START Input data
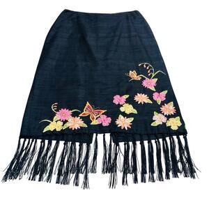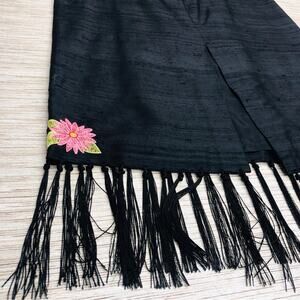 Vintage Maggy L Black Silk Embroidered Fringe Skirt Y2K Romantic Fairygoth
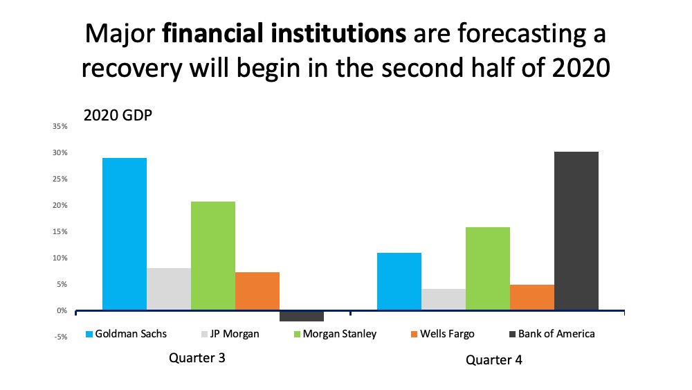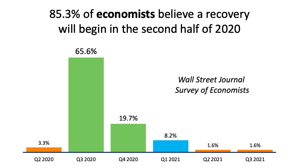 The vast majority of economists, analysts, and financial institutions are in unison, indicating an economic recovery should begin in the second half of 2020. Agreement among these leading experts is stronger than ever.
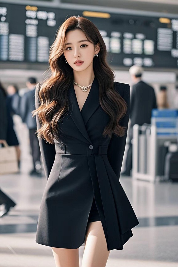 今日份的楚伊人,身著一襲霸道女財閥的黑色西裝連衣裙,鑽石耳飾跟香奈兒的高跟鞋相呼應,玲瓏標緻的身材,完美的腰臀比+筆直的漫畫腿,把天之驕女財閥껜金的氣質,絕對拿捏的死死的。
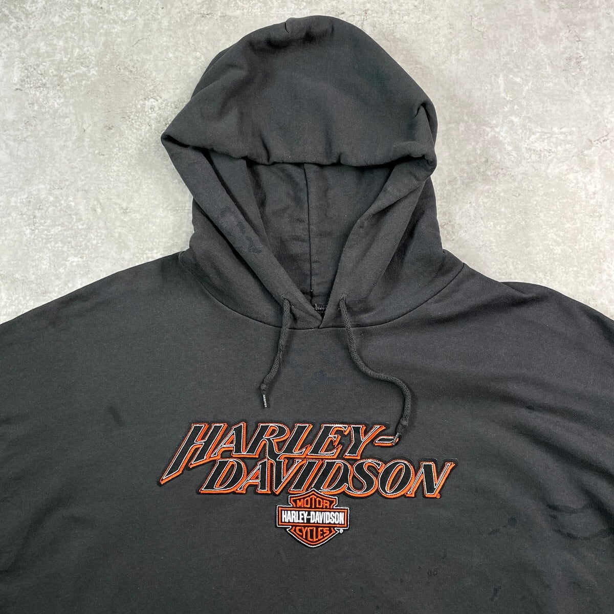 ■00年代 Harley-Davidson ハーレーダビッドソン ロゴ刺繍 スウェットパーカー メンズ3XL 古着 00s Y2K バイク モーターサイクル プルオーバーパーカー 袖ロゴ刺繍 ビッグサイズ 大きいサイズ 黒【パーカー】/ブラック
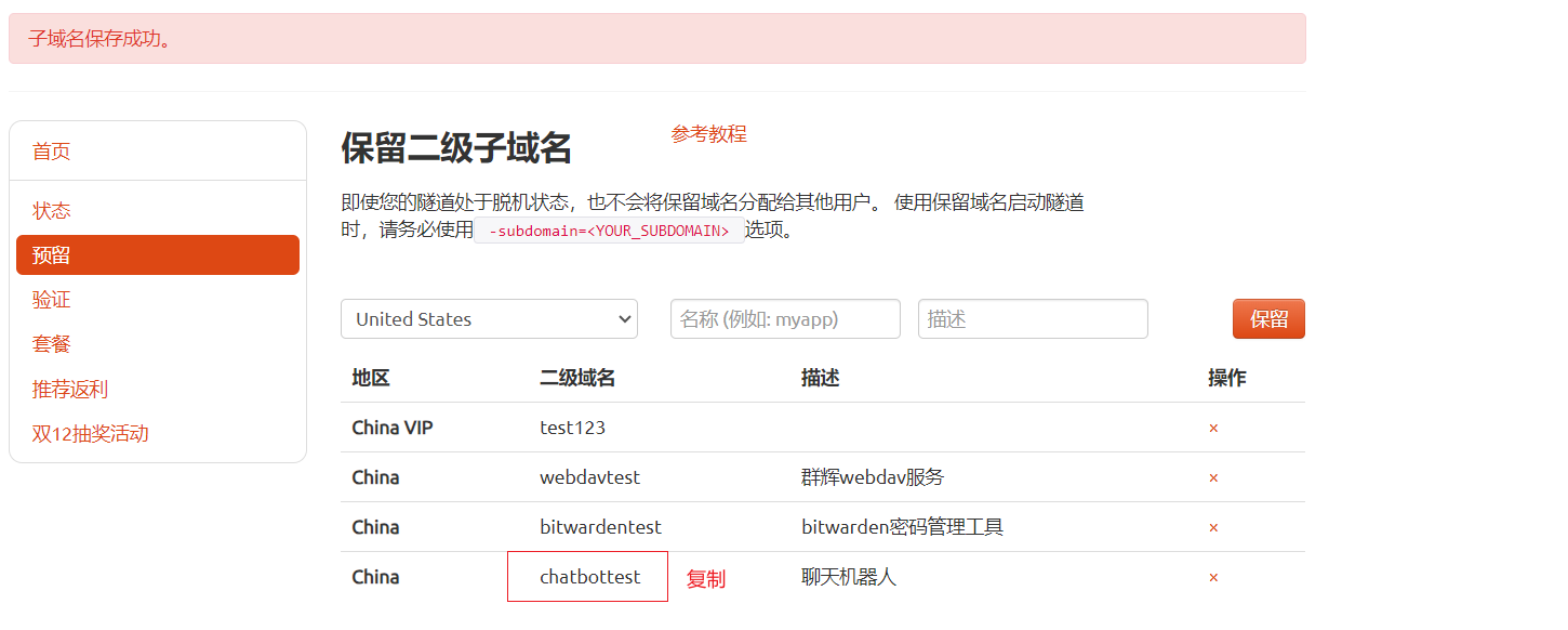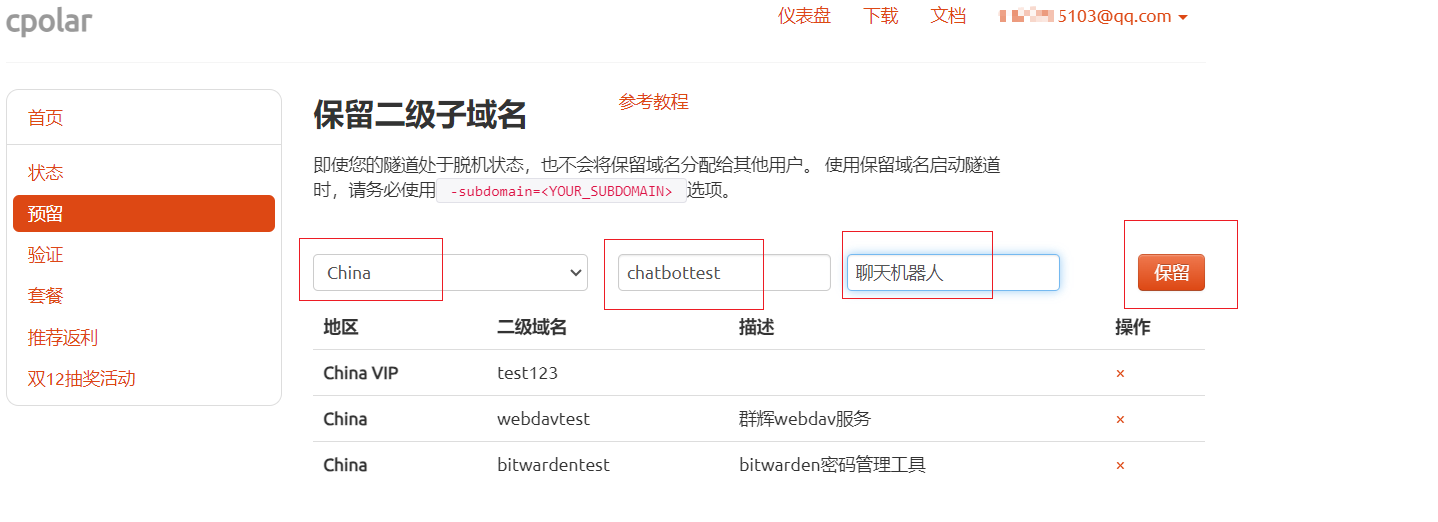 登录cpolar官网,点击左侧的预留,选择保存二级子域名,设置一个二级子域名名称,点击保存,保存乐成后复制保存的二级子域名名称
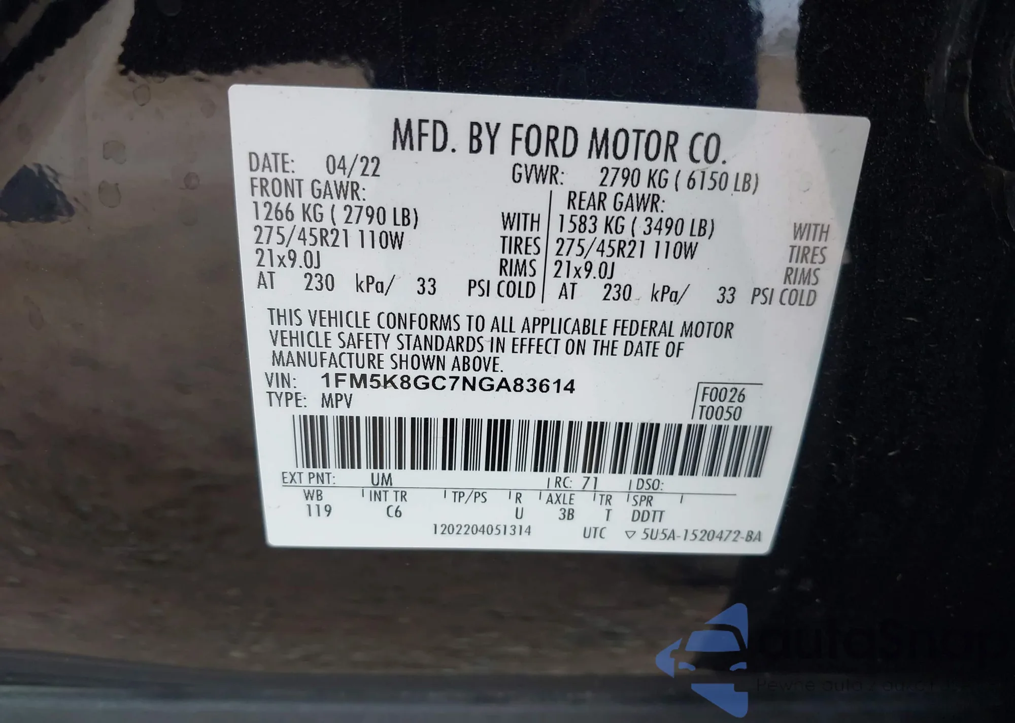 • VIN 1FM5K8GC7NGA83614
END Input data
START Input data
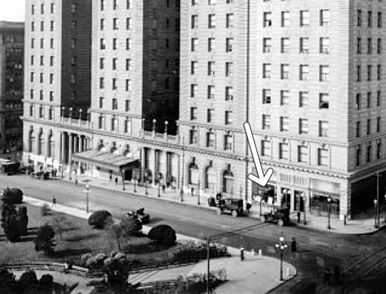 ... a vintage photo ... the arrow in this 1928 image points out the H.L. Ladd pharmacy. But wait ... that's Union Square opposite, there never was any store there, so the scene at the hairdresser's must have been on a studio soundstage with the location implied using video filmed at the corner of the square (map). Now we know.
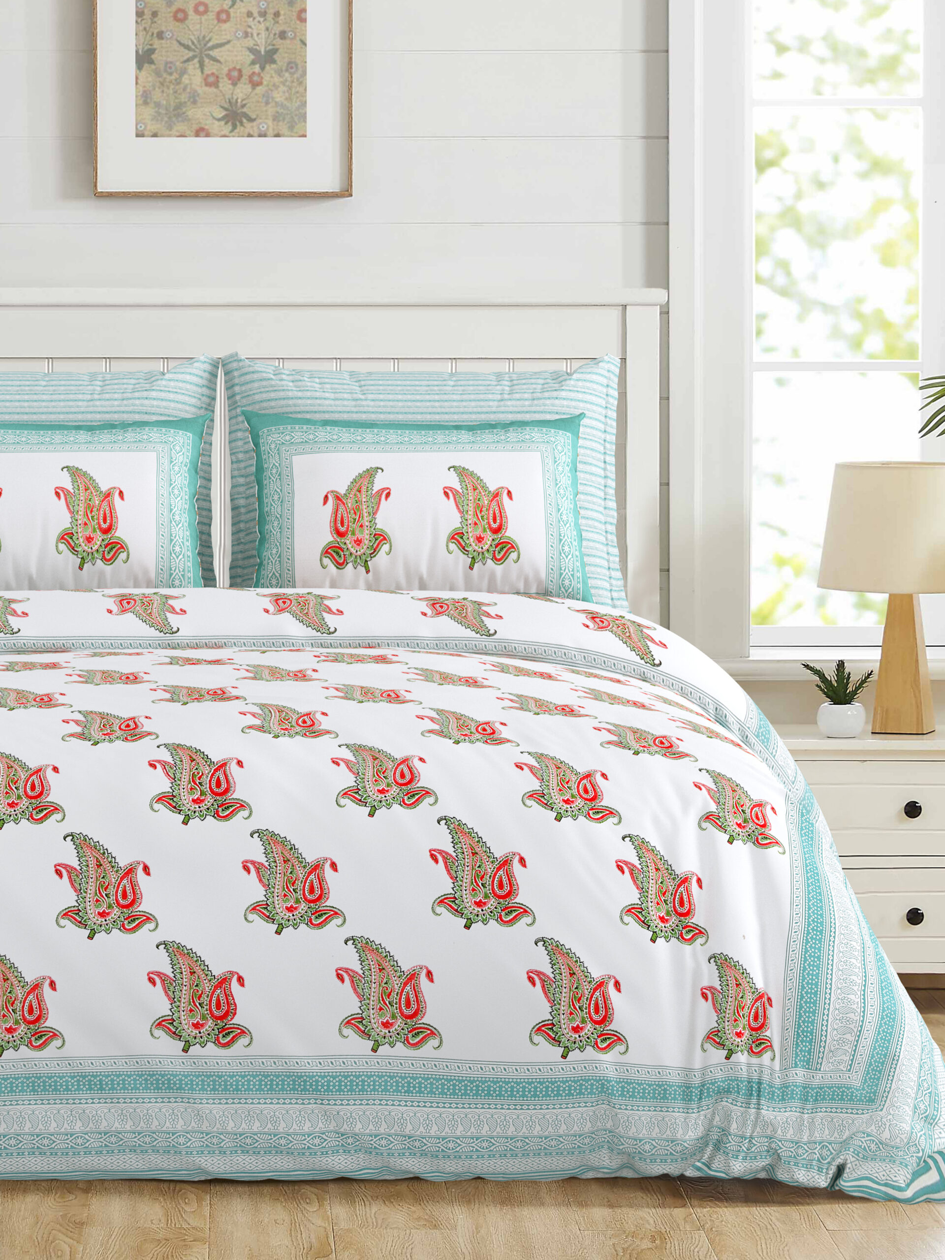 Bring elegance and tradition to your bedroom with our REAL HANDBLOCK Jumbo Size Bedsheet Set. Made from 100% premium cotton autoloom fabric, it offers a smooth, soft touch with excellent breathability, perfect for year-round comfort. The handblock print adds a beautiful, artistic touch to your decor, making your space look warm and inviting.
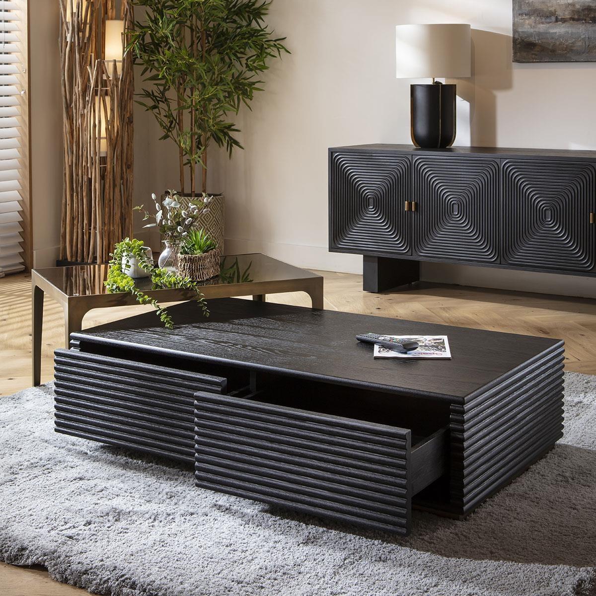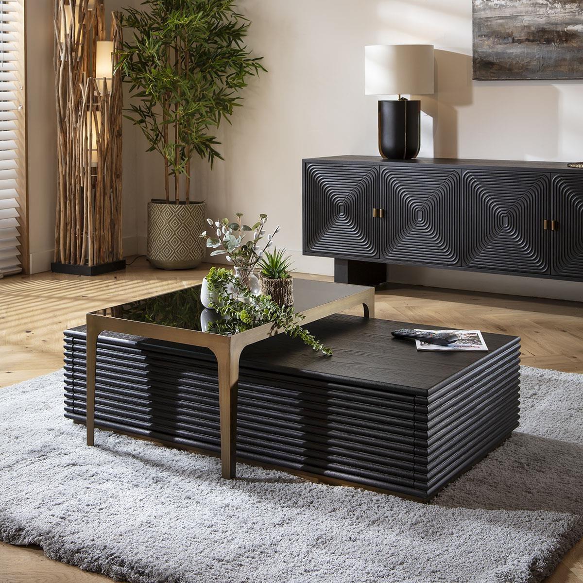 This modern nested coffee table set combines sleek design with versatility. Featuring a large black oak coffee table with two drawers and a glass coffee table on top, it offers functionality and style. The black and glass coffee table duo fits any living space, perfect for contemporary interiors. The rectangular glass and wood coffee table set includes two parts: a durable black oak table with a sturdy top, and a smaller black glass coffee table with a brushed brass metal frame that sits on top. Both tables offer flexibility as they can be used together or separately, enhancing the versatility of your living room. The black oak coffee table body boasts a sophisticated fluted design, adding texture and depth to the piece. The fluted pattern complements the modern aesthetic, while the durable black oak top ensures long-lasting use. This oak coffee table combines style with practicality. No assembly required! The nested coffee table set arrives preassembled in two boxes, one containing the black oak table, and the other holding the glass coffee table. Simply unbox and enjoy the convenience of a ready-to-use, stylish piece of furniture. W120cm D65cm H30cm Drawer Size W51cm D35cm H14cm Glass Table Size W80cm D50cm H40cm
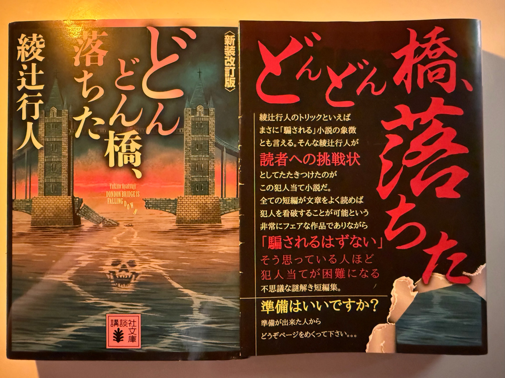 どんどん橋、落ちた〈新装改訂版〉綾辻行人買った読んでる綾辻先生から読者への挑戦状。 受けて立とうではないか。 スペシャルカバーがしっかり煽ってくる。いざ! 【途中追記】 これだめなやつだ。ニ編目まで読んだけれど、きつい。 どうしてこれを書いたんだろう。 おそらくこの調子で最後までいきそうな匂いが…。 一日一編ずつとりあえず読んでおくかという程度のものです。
END Input data
START Input data
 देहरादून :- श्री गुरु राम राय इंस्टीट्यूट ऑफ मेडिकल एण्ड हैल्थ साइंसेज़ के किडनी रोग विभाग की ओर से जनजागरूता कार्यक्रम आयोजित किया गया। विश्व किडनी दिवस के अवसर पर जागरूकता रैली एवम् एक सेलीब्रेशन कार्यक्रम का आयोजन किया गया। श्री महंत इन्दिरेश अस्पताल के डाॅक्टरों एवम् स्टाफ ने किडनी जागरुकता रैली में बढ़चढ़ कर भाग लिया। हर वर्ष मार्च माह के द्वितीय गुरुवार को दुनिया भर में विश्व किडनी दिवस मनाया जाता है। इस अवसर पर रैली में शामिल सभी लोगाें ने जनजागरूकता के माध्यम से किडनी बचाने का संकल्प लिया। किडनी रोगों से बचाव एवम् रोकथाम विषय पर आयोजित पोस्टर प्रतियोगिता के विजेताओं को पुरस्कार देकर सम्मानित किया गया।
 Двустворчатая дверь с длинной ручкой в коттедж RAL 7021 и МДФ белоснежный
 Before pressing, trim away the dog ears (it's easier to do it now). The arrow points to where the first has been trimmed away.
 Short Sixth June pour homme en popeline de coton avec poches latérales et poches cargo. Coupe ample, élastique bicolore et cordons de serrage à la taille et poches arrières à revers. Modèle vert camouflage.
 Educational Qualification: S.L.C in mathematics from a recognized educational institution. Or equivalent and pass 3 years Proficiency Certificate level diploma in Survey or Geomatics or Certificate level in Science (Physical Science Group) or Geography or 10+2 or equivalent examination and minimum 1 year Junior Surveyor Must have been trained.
END Input data
_Instructions for the task_. Return exactly the lines above from the line that has "Двустворчатая дверь с" through the line that has "Short Sixth June", inclusive, and nothing else.

_Response area_.
 Двустворчатая дверь с длинной ручкой в коттедж RAL 7021 и МДФ белоснежный
 Before pressing, trim away the dog ears (it's easier to do it now). The arrow points to where the first has been trimmed away.
 Short Sixth June pour homme en popeline de coton avec poches latérales et poches cargo. Coupe ample, élastique bicolore et cordons de serrage à la taille et poches arrières à revers. Modèle vert camouflage.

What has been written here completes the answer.